|Fireworks over Pietrasanta|
I know that New Year’s Day is only a date on the calendar and that logically there’s no difference between one day and the next. But psychologically there’s always a feeling that you’re going through a gateway - glancing over your shoulder at the landscape behind you and then looking forwards again into the fog of the future just over the doorstep.
2010 has been a strange year for me - lots of travelling, living like a nomad, more airports, hotels and train stations than I can count, and saying goodbye to people I didn’t want to part with. England, Italy, Belgium, France, Cuba, Singapore, New Zealand - my life reduced to a travelogue.
The most memorable things?
The birth of baby Isabella in February.
The publication of the book in New Zealand; seeing children in far-flung places; lots of new friends; a new job. The coldest winter for more than 50 years.
And then the other side, all the things you don’t blog about; family anxieties, personal disappointments, periods of depression and feelings of isolation. No human life can be without them I think, and writers (probably all creative artists) are particularly vulnerable - there’s a pendulum of insecurity inside you that swings from self-belief to unbelief and back again. And every now and then we have to peer over what Gerard Manley Hopkins called ‘cliffs of fall, no-man fathomed’.
The year ahead is going to be hard.
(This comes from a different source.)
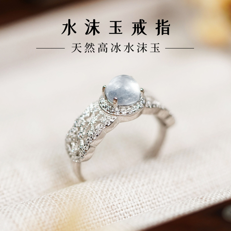 新しい中国風の天然高氷種水泡翡翠象嵌中空卵面リング、男性と女性用、多用途のシンプルでファッショナブルなリング

Neil and I want to be together, but I earn my living in England and he earns his in Italy - a life in borrowed holiday apartments lent by kind friends isn’t good for either of us. We tried to sell the mill and relocate, without success in this economic climate and now feel rather trapped. So the main task of 2011 is to solve the problem of living in one place at the same time.
Meanwhile, one last very memorable and wonderful end of year present - finding the UK edition of my book at the top of DoveGreyReader’s* Xmas reading list. Yes!!!!!